The Shorter Oxford dictionary defines the expression “also” to mean further, in addition, besides, too”. The word has been treated as being relative and conjunctive. Evidently, therefore, what Parliament intends by use of the words “and also” is that the Assessing Officer, upon the formation of a reason to believe u/s 147 and the issuance of a notice u/s 148(2) must assess or reassess: (i). ”such income”; and also (ii) (sic) other income chargeable to tax which has escaped assessment and which comes to his notice subsequently in the course of the proceedings under the section. The words ”such income” refer to the income chargeable to tax which has escaped assessment and in respect of which the Assessing Officer has fanned a reason to believe that it has escaped assessment. Hence, the language which has been used by Parliament is indicative of the position that the assessment or reassessment must be in respect of the income in respect of which he has formed a reason to believe that it has escaped assessment and also in respect of any other income which comes to his notice subsequently during the course of the proceedings as having escaped assessment. If the income, the escapement of which was the basis of the formation of the reason to believe is not assessed or reassessed, it would not be open to the Assessing Officer to independently assess only that income which comes to his notice subsequently in the course of the proceedings under the section as having escaped assessment. If upon the issuance of a notice u/s 148(2), the Assessing Officer accepts the objections of the assessee and does not assess or reassess the income which was the basis of the notice, it would not be open to him to assess income under some other issue independently. Parliament when it enacted the provisions of Section 147 with effect from 1 April 1989 clearly stipulated that the Assessing Officer has to assessee (sic) reassess the income which he had reason to believe had escaped assessment and also any other income chargeable to tax came which came to his notice during the proceedings. In the absence of the assessment or reassessment the former, he cannot independently assess the latter.”

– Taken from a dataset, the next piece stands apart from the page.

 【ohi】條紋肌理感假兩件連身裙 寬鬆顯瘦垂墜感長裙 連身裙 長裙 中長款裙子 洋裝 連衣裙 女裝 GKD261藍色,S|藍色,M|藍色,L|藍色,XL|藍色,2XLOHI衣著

Hence, on this ground also, the addition made by the AO is liable to be deleted. Accordingly, we are of the view that the reopening of the assessment is bad in law and accordingly, the addition made by the AO cannot be sustained.

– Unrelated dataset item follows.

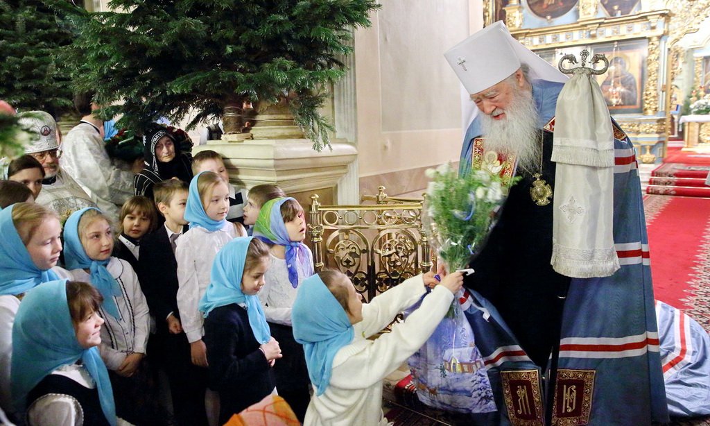 «Возлюбленные братья архипастыри, всечестные отцы, матери игумении, возлюбленные, дорогие братья и сестры! В нашем сознании рисуются образы, связанные с Рождеством Христовым. Сегодня, когда я вошел в этот храм, он мне напомнил Вифлеемскую пещеру, где в тиши, в удалении от мира, который жил своими заботами, волнениями, нуждами, мы начали прославлять пришедшего в мир Христа Спасителя. Я думаю, что в праздник Рождества Христова и священнослужители, и монашествующие, и православные христиане испытывают неописуемую радость и восторг, потому что Господь сподобил их на земле пережить радость общения с Ним. Я сердечно благодарю тебя, возлюбленный и дорогой Владыка Григорий, за твое приветствие, за твои благопожелания. Одно только хочу сказать, что без помощи Божией ничего на земле не совершается и нельзя все заслуги относить к одному человеку, а в частности ко мне, который также, как и все люди, несовершенен, а в свои годы и мало, что может совершить. Мы должны Господа благодарить, что он посылает нам усердных архипастырей и пастырей, которые в жизни своей исполняют то, что заповедал Христос: „Тот, кто хочет идти за Мной, пусть отвергнется себя“ (см.: Мф. 16:24). Конечно, мирянам трудно воспринять это повеление Господа, а вот священнослужителям, монашествующим, которые больше всего воспринимают слова Господа с помощью благодати Христовой, забывая себя, должно отдать себя полностью служению Богу и ближним. Я, можно сказать, живу в новую, вторую для меня эпоху. Первая была исполнена разных трудностей в осуществлении благовестия на нашей земле, а вторая замечательна тем, что Господь дал нам неограниченную свободу для возрождения церковной жизни. Поэтому каждый день ценю и благодарю Бога за себя и за тех, кто со мною, потому что то, что десятилетиями разрушалось, мы стремились и стремимся восстановить. Для нас не самое главное храм построить, а обратить людей к Богу, научить их вере Христовой! Мы все силы прилагаем к тому, чтобы это сделать в первую очередь среди детей.

10. We notice that the Ld.CIT(A) has deleted the addition on merits. Since we have held that the reopening of assessment is bad in law and the impugned addition is liable to be deleted on the basis of legal issues discussed above, we do not find it necessary to address the grounds urged by the Revenue on merits. Accordingly, we uphold the final decision rendered by the Ld.CIT(A) for the reasons discussed above.
11. In the result, the appeal of the Revenue is dismissed.